Touch Ventures (ASX: TVL), which invested more than $36 million into Sendle over several years, wrote down the value of its stake to nil in the weeks before the logistics startup’s abrupt closure.
The downgrade, revealed publicly on Wednesday, sheds light on how one of Sendle’s major financial backers responded to worrying claims about its new merger partner.
Touch Ventures (formerly AP Ventures), which led the logistics startup’s $45 million Series C round in 2021, was already pessimistic about its holdings.
Some follow-on financing rounds, which Touch Ventures did not participate in, had diminished the value of its Sendle holdings in the case of a liquidity event.
Combined with Touch Venture’s sanguine outlook for the Sendle business, the investor valued its Sendle stake at nil in June 2025.
Change came in August, when Sendle merged with US logistics businesses FirstMile and ACI Logistix to form the new parent company Fast Group.
The Fast Group merger, which promised to expose Sendle to a truly global e-commerce delivery network, saw Touch Ventures briefly revalue its stake in the newly formed business to $1.4 million (US$900,000).
But concerns raised by fellow Sendle-slash-Fast Group investor Federation Asset Management in December appeared to dash those hopes.
Federation Asset Management last month froze a fund with major Fast Group holdings, after claiming discrepancies in ACI Logistix’s disclosures.
Those claims rattled Touch Ventures and sent its reported holdings back to zero.

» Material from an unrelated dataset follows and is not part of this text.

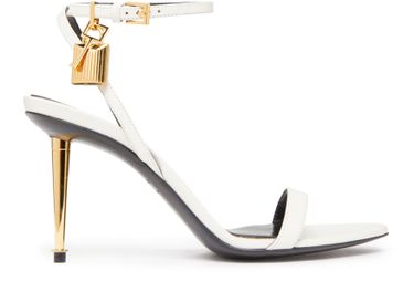 Les sandales Padlock de Tom Ford sont dotées d'un bout pointu et d'une forme affinée, avec une bride cheville à boucle et le logo gravé, symbole de la maison. Les finitions métalliques apportent une touche d'élégance, complétée par une semelle intérieure à logo et un talon stiletto.

“Touch Ventures has written down its minority investment position in Fast Group (previously Sendle) to nil… to reflect the current publicly available commentary around the business,” it wrote.
“Touch Ventures has not participated in any follow-on round since 2023, and has consequently continued to be diluted as an investor in the company.”
The reason for the June writedown to zero was a deal Sendle did with Federation a month earlier to raise $US5 million ($7.5m) of fresh capital at an eight-times liquidation preference.
That means if the business sold, Federation was guaranteed the first $60m of sale. Preference deals are a regular aspect of later rounds, often to the detriment of earlier investors who don’t participate – if they do, it lets them get to the front of the queue on an exit in what’s known as a pull-through – but generally they’re at 1x or 2x.
Declining to invest further put Touch at the back of the queue, leading to it being at the back of the queue, although the demise of Fast Group makes investor preferences academic.
Sendle closed suddenly on Sunday, giving Australian customers just hours’ notice that their parcels would not be picked up from Monday.
The business is now stuck in a cross-continental quagmire, with investors seeking answers and reassurances from the collapsed FAST Group and its participants.
“As a co-shareholder, Federation is in the same boat as other investors dealing with the issues at Fast Group,” a spokesperson told SmartCompany on Thursday.
Prior to its closure, Federation had “injected emergency capital and brought about management changes to try and resolve a series of issues post the merger,” they said.
“Federation is now pursuing recoveries for investors,” the spokesperson added.
Meanwhile, countless small business customers are still left in the dark.